2025.06.10 New! 議会改革
【セミナーレポート】政策サイクル推進地方議会フォーラム「『地方議会からの制政策サイクル』と成熟度モデル、議会DXのミライ」
2025年5月24日(土)、日本生産性本部主催の「政策サイクル推進地方議会フォーラム」公開セミナー(報告会)が開催されました。「『地方議会からの政策サイクル』と成熟度モデル、議会DXのミライ」をテーマに、報告会、セミナー、パネルディスカッションが行われました。その様子をレポートします。
【第1部】報告会:「成熟度評価モデル実装かの到達点と展望」
報告会では実践報告者として、福島県会津若松市議会議員・議会評価特別委員会副委員長の松崎新氏が登壇し、会津若松市議会における「地方議会成熟度モデル」の取組経過や今後の展望についての報告が行われました。

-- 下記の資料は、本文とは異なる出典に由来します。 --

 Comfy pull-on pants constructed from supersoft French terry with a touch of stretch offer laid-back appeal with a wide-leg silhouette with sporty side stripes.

松崎氏からは、「会津若松市議会での取組の経過」、「実装化に向けた取組での気づき」、「今後の展望」の3構成での報告があり、中でも議会評価を行う目的を明確化していく必要を指摘。「『議会プロフィール』の作成が理想的な姿(ビジョン)を実現するための課題の共有に必要だ」と語りました。
質疑応答では、議会プロフィールの重要性に気づいた経緯や、評価指標、課題についての質問が飛び交い、議会モニター制度での高校生へのアプローチ手法等についての話題も盛り上がりを見せました。
【第2部】セミナー:議会DX講演・実践報告
セミナーでは、江藤俊昭氏(大正大学地域創生学部教授)、河村和徳氏(拓殖大学政経学部教授)による講演と、岩﨑弘宜氏(茨城県取手市情報管理課長)による実践報告が行われました。

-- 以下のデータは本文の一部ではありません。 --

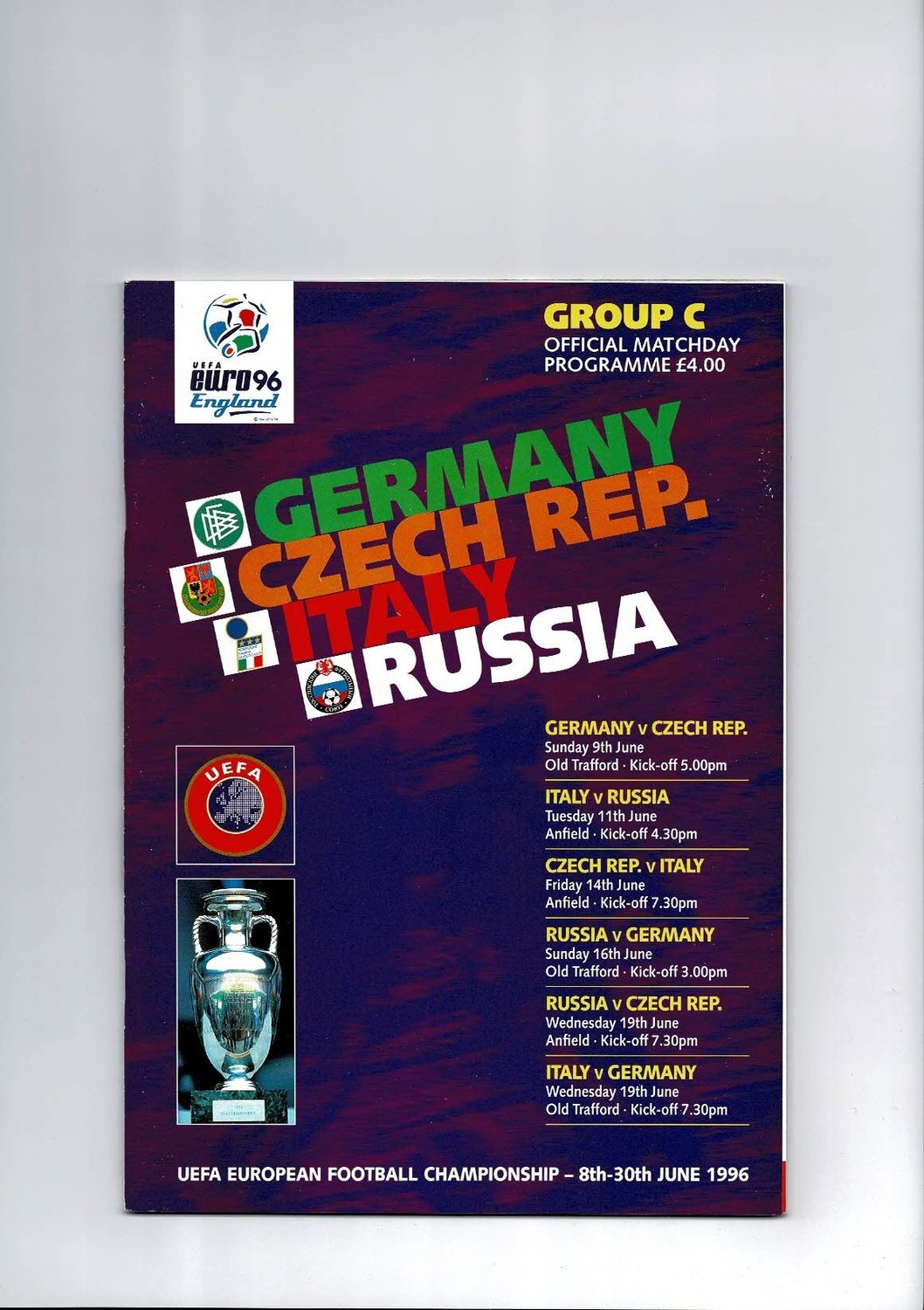 Euro 96 Group C Germany, Czech, Italy & Russia Football Football Programme

まず、江藤氏による「議会からの政策サイクルと議会DX」の講演が行われました。江藤氏は、議員提案条例の「評価」は大事だが、それだけではないとし、行政改革や議会改革において重要であるPDCAサイクルのDに、討議、決定という2つのDを加えたPDDDCAサイクルという発想と手法の開発が必要であると論じました。
次に河村氏による「議会DXとDC(デジタルコミュニケーション)」の講演が行われました。河村氏は、DC活用の論点として、「開かれた多様性のある議会の創出」、「危機に強い議会」、「効率的な議会」の3点を挙げ、DC活用の壁についても論じました。
次に、岩﨑氏による「取手市での実践報告」が行われました。岩﨑氏は、議会にICTを活用した事例の説明の他、なぜ取手市がICTの活用を促進できたのか、人が議会を運営することへの「愛」を語りました。
パネルディスカッション:「議会DXと政策サイクルのミライ」
最後に登壇者4名によるパネルディスカッションが行われました。パネルディスカッションでは、AIを利用することで、全てをAIに任せてしまう議員が増えてきていることへの懸念があるとし、議員同士の話し合いや市民との意見交換を深めていくことの必要性が注目されました。
また、「人間の営みと、どこまで機械に任せるか。議員が機械に任せてしまうところをどう成長させていくかが課題である」とし、「システムに適応できない人が政治家になれないミライもどうなのか」といった議論がなされ、ディスカッションは終了となりました。